O Senegal foi eliminado da Copa do Mundo após derrota por 3 a 2 para a Bélgica na fase de 32 seleções. Os sul-americanos abriram 2 a 0, mas sofreram virada na prorrogação, com pênalti marcado com auxílio do VAR no fim da partida.
A derrota evidencia um racha interno. O meia Pape Gueye informou, nas redes, que não atuará sob o comando de Pape Bouna Thiaw enquanto a comissão técnica permanecer no cargo.
No duelo, Gueye atuou como titular contra a Bélgica, após ter entrado no segundo tempo diante do Iraque. O episódio ampliou a tensão entre jogadores e direção técnica.
A imprensa senegalesa repercutiu o que classificou como colapso estratégico e falhas de gestão de elenco de Thiaw. O treinador afirmou que algumas opções táticas foram necessárias por cansaço dos atletas.

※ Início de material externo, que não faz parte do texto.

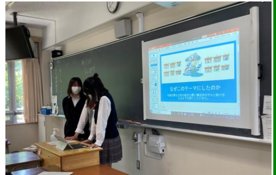
発表をしている様子①
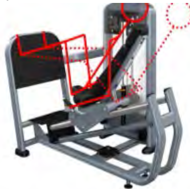
Рисунок 1 – Пример изменения позы во время выполнения упражнения

Пример исследования изменения позы при выполнении силового упражнения приведен на рисунке 1
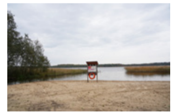
Vahepeal unustusse hõlma vajunud Järveotsa rand on taas korda saamas.

Nagu mujale randadesse, hakatakse ka Järveotsa randa igal
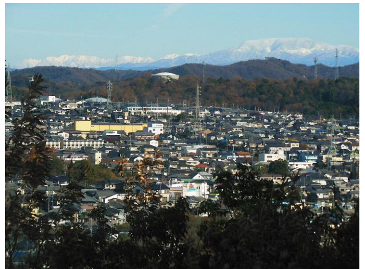
南アルプスと恵那山
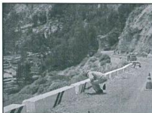
Imagen referencial N°04

Fondo blanco y líneas de color negro y amarillo, y progresiva de ubicación.
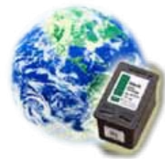
Recicla cartuchos de impresora
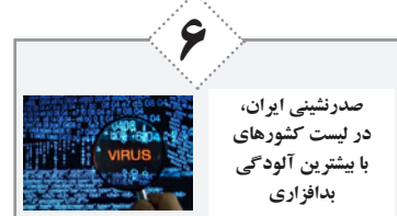
۶ صدرنشینی ایران، در لیست کشورهای با بیشترین آلودگی بدافزاری
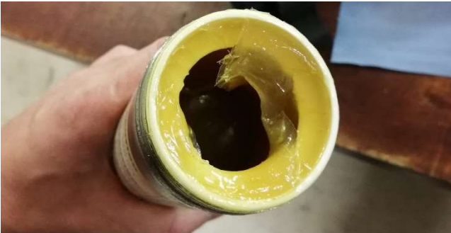
Bruchteile der Kartusche gelangen ins Fett

Ursache: Oftmals gelangen beim Kartuschen Wechsel Rückstände von den Kartuschen in das Fett und gelangen in den Pumpenraum dadurch kann danach kein Druck mehr aufgebaut werden.
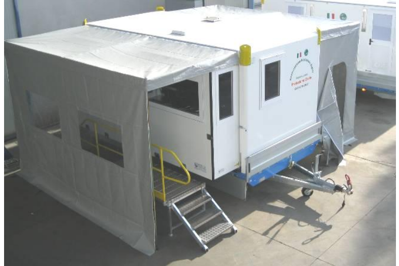
Ansicht des Komplexes mit Blick auf die „Verteilungs“-Seite, auf dem Transportanhänger
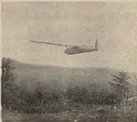
Szybowisko w Porąbce

Według danych na r. 1935 szybownictwo w Polsce przedstawia się następująco: Pilotów kat. „A“ i „B“ przeszło 3.000, pilo-
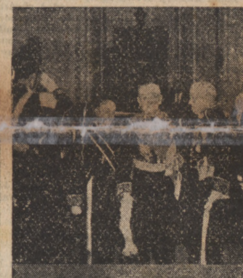
Nowy ambasador Francji przy Watykanie, p. Wladimir d'Ormesson...
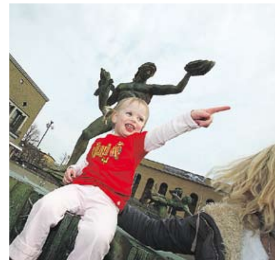
▲ Luleå nekades först namnet med motiveringen att man var rädd för att det skulle leda till obehag.
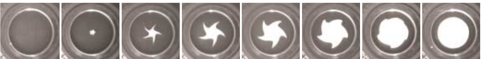
Unten: Öffnung eines mechanischen Kameraverschlusses

Es galt ein Aufnahmesystem zu entwickeln, das sich mit ultrakurzen Vorgängen synchronisieren lässt. Am Institut für Aerodynamik und Strömungstechnik des DLR in Göttingen wurde mit der UHSV-288 ein solches Wunderwerk gebaut.
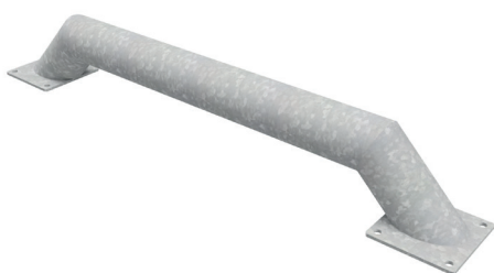
Naprowadzacz AMTR-N PROSTY

Naprowadzacz stalowy AMTR-N PROSTY ma długość 1840 mm. Rama stanowiąca jego szkielet i stopy wykonane są z okrągłych profili stalowych o średnicy 159 mm. Całość przytwierdzona jest do podstaw kwadratowych wykonanych z blachy płaskiej.
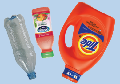
ຂວດປລາສຕິກ (ສີທັງໝົດ)
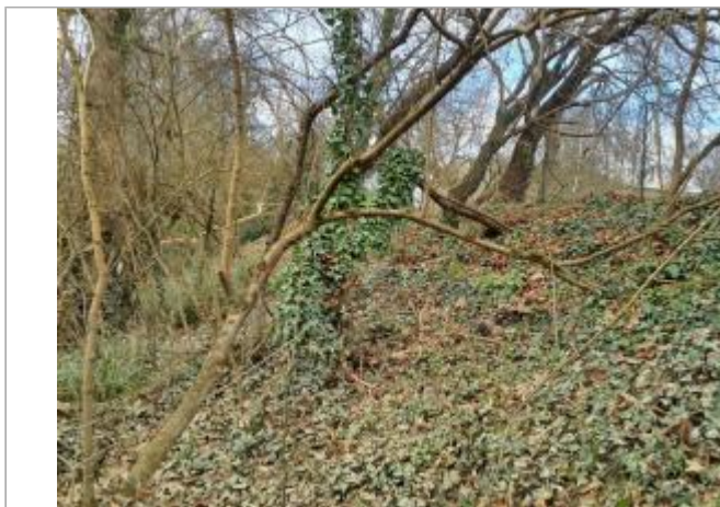
marque sur Végétation
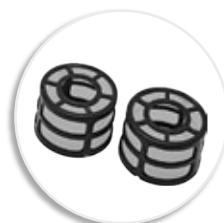
2 запасных фильтра
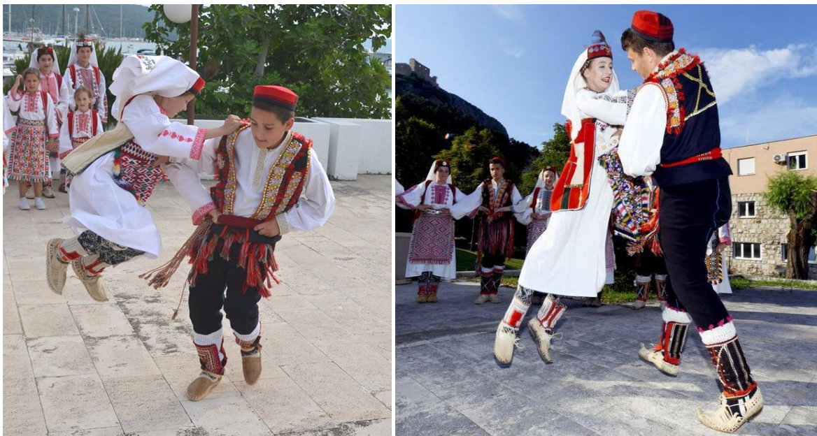
Slika 1. Prikaz kola u kojem plesači poskakuju u zrak s obje noge (Varenica, 2019)

se plesalo, izvođenje kola bilo je pod strogom kontrolom tadašnjih svećenika. Istovremeno na području Dubrovnika počinju se otvarati prvi zanati za izradu narodnih nošnji.
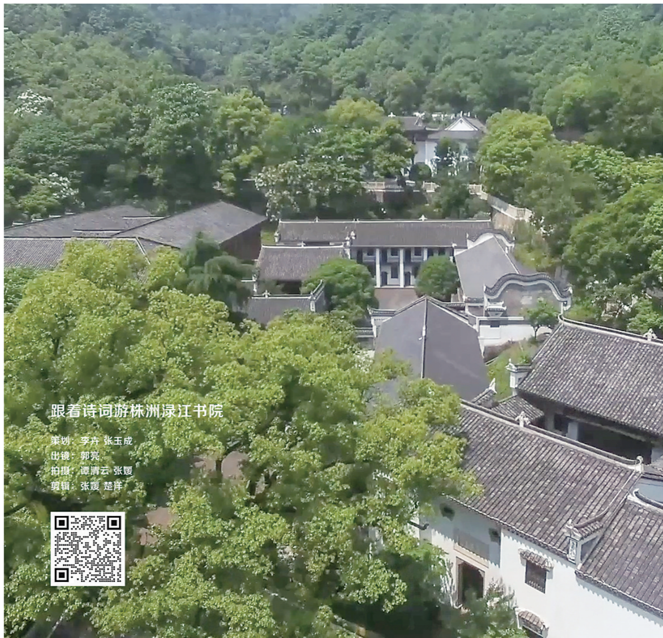
跟着诗词游株洲绿江书院

今年以来,累计交办并整改涉气污染问题300余个;累计查处违规建筑工地并下达整改通知186次;查处渣土车违规行为122起;查处超标排放机动车违法上路行驶行为263起;柴油货车闯禁限行区行为6128台,淘汰老旧车辆9台;处置燃放烟花爆竹警情80余起;落实涉气“夏季攻势”挥发性有机物、工业窑炉治理项目42个,已完成35个,完成率达83%;开展“春雷行动”涉气问题整治61个,已完成45个,完成率达74%;关停砖瓦企业8家。
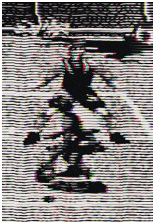
KAMIL ZALESKI: Ünnepély II , 2018, digitális nyomtatás, 70×100 cm

A lokális és univerzális fogalmak kapcsán gondolhatunk a világgazdaság szerveződésére, a földrajzi és kulturális határok elmosódására, főként arra, hogy a művészet és
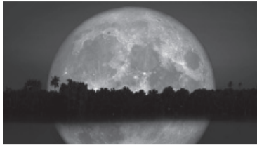
La luna, en todo su esplendor.
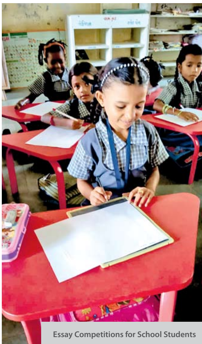
Essay Competitions for School Students
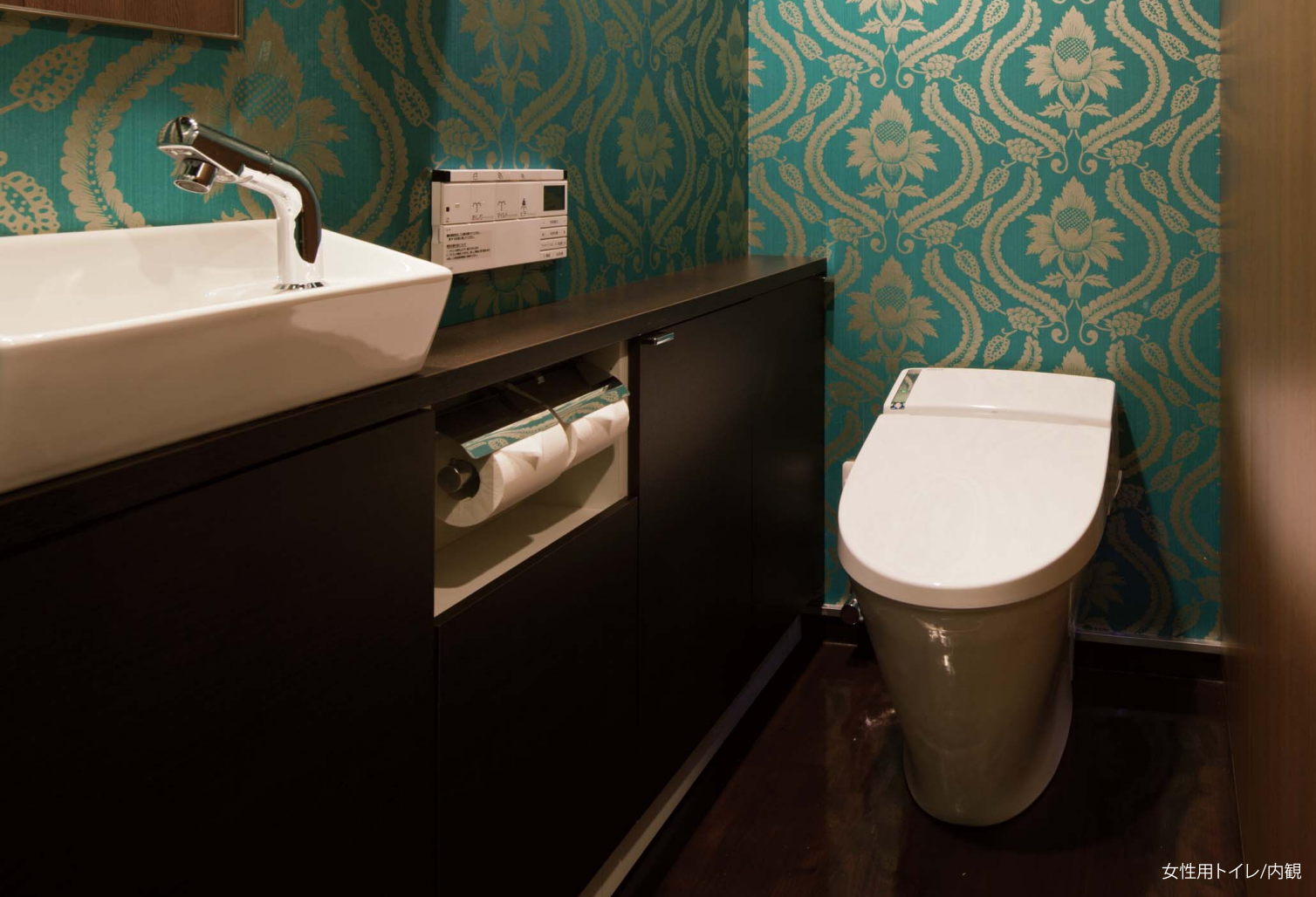
女性用トイレ/内観

Thiaw assinou novo contrato antes da Copa, com salários atrasados, mas foi suspenso por ter retirado a equipe de campo na final da Copa Africana de Nações, em janeiro. O período atual o coloca sob pressão por nove meses.
Apoio ao capitão Kalidou Koulibaly pode se encerrar após 105 partidas pela seleção, com a próxima Copa Africana de Nações a um ano. O zagueiro teve atuação irregular nas primeiras partidas da fase de grupos.
A possibilidade de continuidade de Idrissa Gana Gueye depende de resultados judiciais para recuperar o título da CAN, caso o recurso seja favorável. A competição de 2025 ocorrerá com Quênia, Tanzânia e Uganda.
A perspectiva de renovação envolve também Sadio Mané, que tem sido frequentemente relacionado ao retorno à seleção, caso as mudanças administrativas sejam resolvidas. A reportagem utiliza informações da Reuters.